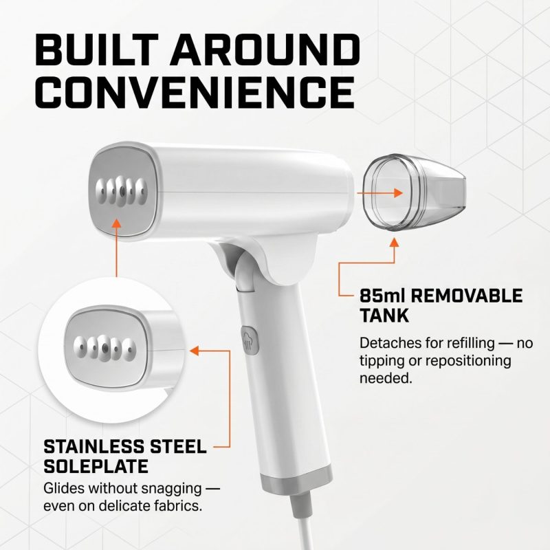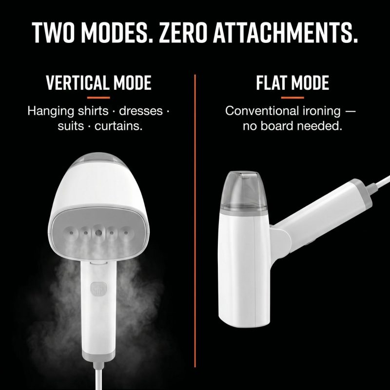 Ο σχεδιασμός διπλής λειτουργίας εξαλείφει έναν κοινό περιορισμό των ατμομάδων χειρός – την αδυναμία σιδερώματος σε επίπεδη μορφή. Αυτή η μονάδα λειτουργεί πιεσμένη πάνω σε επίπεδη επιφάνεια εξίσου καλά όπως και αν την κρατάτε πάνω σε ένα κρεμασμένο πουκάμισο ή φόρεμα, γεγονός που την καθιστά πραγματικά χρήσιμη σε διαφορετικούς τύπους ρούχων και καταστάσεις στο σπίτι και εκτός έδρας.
_ _ _ _ _
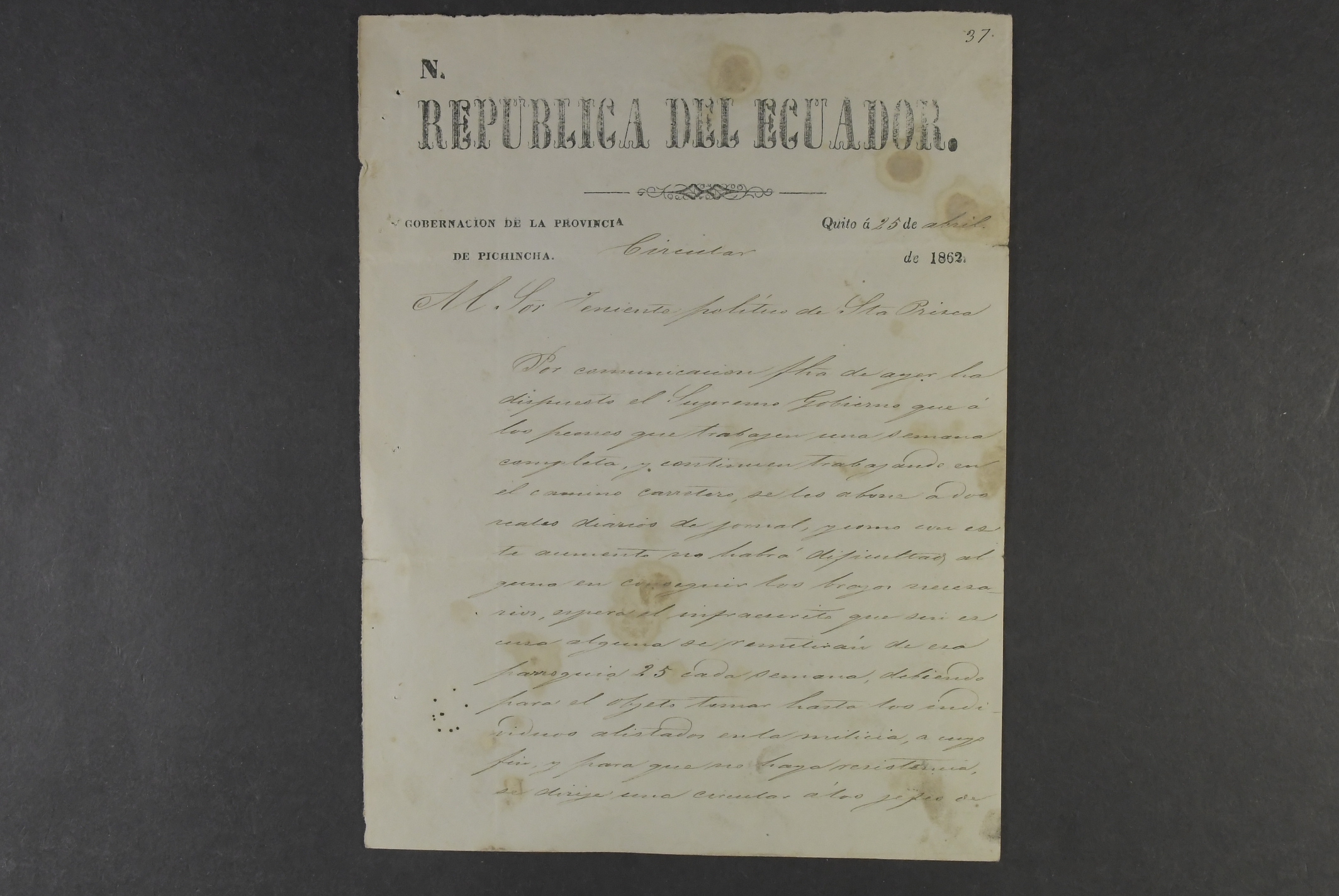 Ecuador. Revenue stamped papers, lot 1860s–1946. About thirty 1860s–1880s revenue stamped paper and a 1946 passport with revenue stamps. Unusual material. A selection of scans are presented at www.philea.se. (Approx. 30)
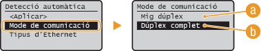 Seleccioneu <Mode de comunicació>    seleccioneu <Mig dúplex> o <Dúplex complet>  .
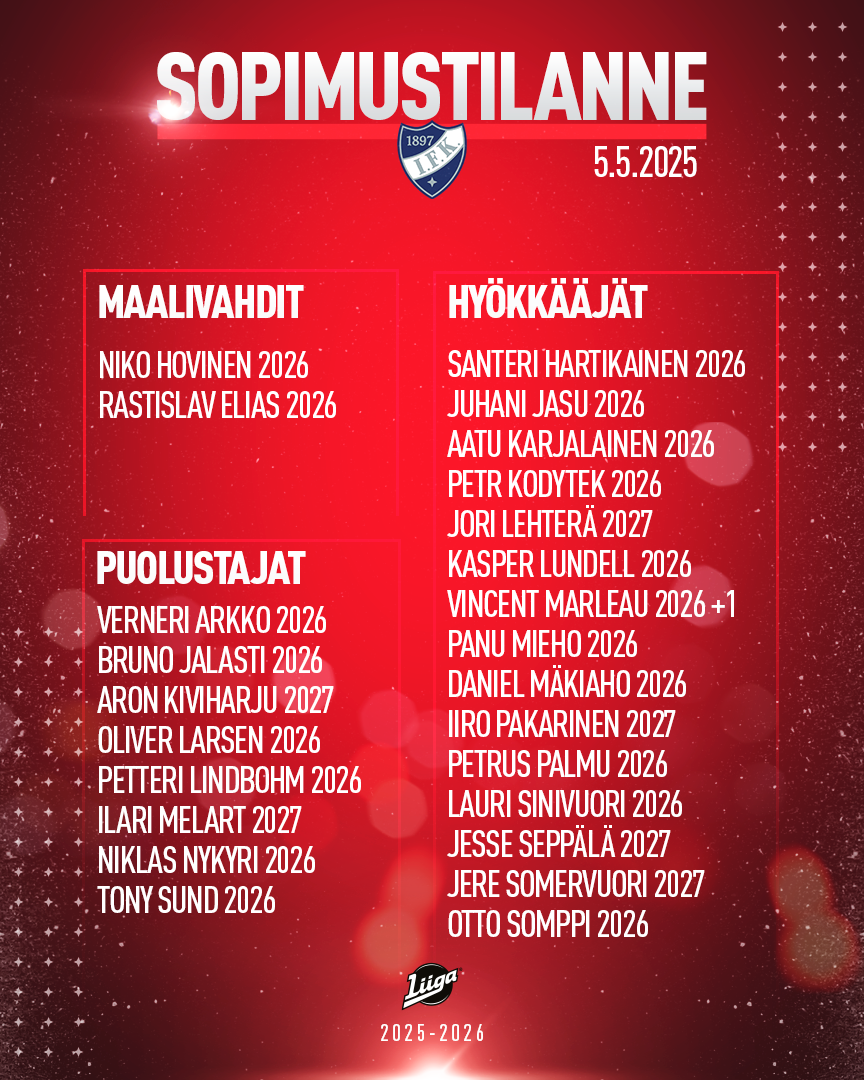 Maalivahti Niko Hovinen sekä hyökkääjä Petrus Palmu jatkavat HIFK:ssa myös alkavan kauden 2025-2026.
_ _ _ _ _
- **ABOUT THIS TASK**:
Those lines of the records above that run from the one containing "Seleccioneu <Mode de" through the one containing "Maalivahti Niko Hovinen" should be returned exactly, with no pictures among them.

- **RESULT OF THIS EXERCISE**:
 Seleccioneu <Mode de comunicació>    seleccioneu <Mig dúplex> o <Dúplex complet>  .
 Maalivahti Niko Hovinen sekä hyökkääjä Petrus Palmu jatkavat HIFK:ssa myös alkavan kauden 2025-2026.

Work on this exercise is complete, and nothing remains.